→ DATA
========================
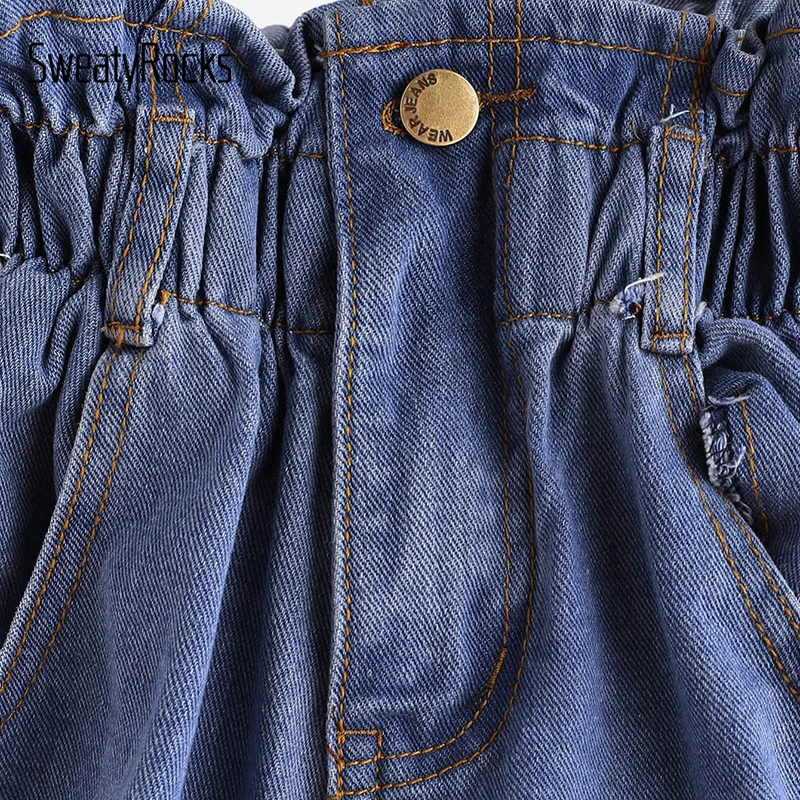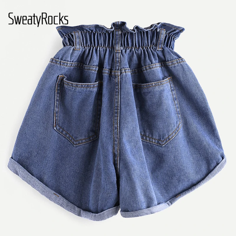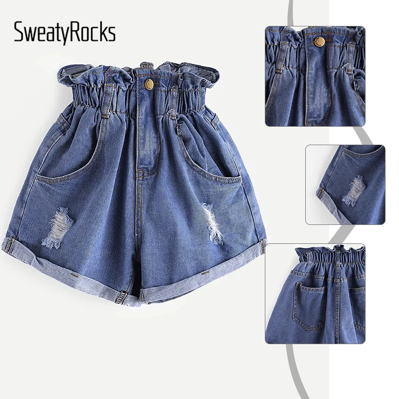 Special Offer SweatyRocks taille élastique déchiré Denim Shorts femmes Streetwear taille haute poches Shorts 2019 été bouton Fly solide Shorts Discount 40% Today!
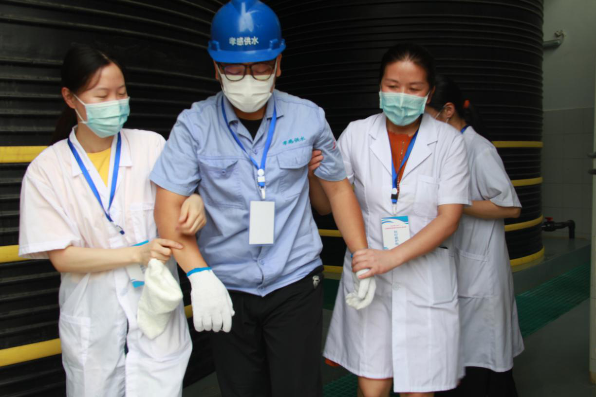 此次演練是以正在使用中的儲液罐的底部破裂,導(dǎo)致次氯酸鈉大量外泄為背景。當(dāng)天上午9:30分,演練正式開始。值班人員在巡視過程中被次氯酸鈉藥劑噴濺至手臂受傷,值班班長立即報告總指揮,總指揮下令立刻全面啟動次氯酸鈉應(yīng)急處置預(yù)案,通訊聯(lián)絡(luò)組、醫(yī)療救護(hù)組、安全疏散組、現(xiàn)場處置組前往現(xiàn)場開展救援及搶修。
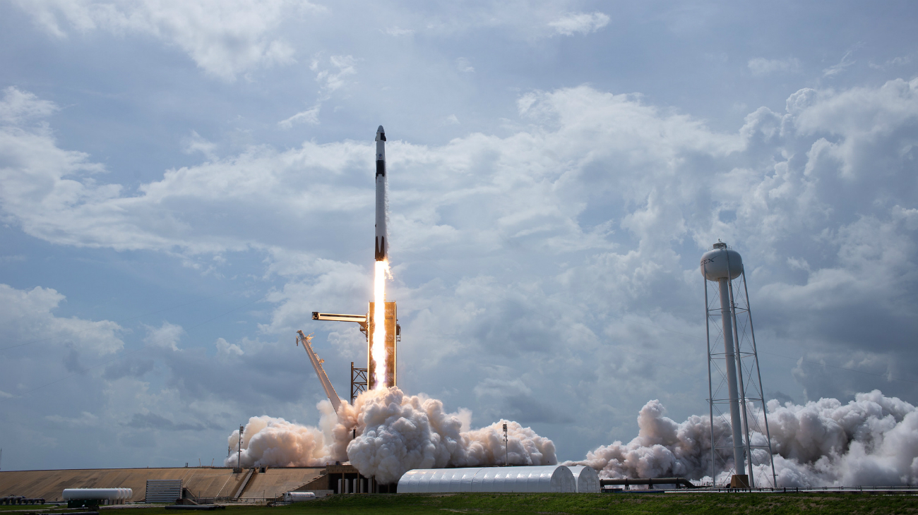 Het was feest in het Amerikaanse Cape Canaveral. Daar werd gisteravond de Falcon 9, SpaceX’ tweetrapsraket, met de Crew Dragon-capsule de ruimte in gelanceerd, op weg naar het Internationale ruimtestation (ISS). Een dubbele primeur: niet alleen is het de eerste keer in bijna negen jaar dat er een bemand ruimtevaartuig op een Amerikaanse stuwraket vanaf Amerikaanse grond de ruimte in gaat, het is ook voor het eerst dat het uitgevoerd wordt door een commercieel bedrijf.
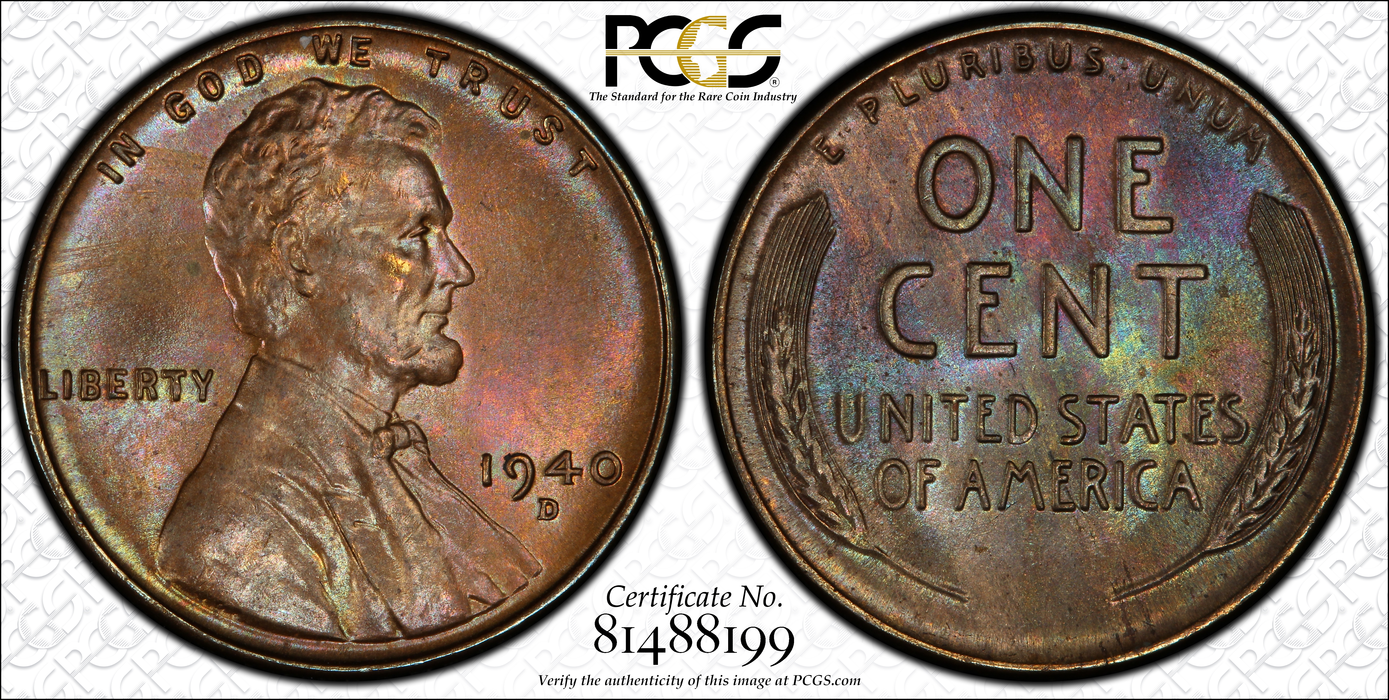 1940-D 1C, RB MS65RB Certification #81488199, PCGS #2688
========================
Leaving the pictures out, set down all of the data again exactly.

→ REPLY
 Special Offer SweatyRocks taille élastique déchiré Denim Shorts femmes Streetwear taille haute poches Shorts 2019 été bouton Fly solide Shorts Discount 40% Today!
 此次演練是以正在使用中的儲液罐的底部破裂,導(dǎo)致次氯酸鈉大量外泄為背景。當(dāng)天上午9:30分,演練正式開始。值班人員在巡視過程中被次氯酸鈉藥劑噴濺至手臂受傷,值班班長立即報告總指揮,總指揮下令立刻全面啟動次氯酸鈉應(yīng)急處置預(yù)案,通訊聯(lián)絡(luò)組、醫(yī)療救護(hù)組、安全疏散組、現(xiàn)場處置組前往現(xiàn)場開展救援及搶修。
 Het was feest in het Amerikaanse Cape Canaveral. Daar werd gisteravond de Falcon 9, SpaceX’ tweetrapsraket, met de Crew Dragon-capsule de ruimte in gelanceerd, op weg naar het Internationale ruimtestation (ISS). Een dubbele primeur: niet alleen is het de eerste keer in bijna negen jaar dat er een bemand ruimtevaartuig op een Amerikaanse stuwraket vanaf Amerikaanse grond de ruimte in gaat, het is ook voor het eerst dat het uitgevoerd wordt door een commercieel bedrijf.
 1940-D 1C, RB MS65RB Certification #81488199, PCGS #2688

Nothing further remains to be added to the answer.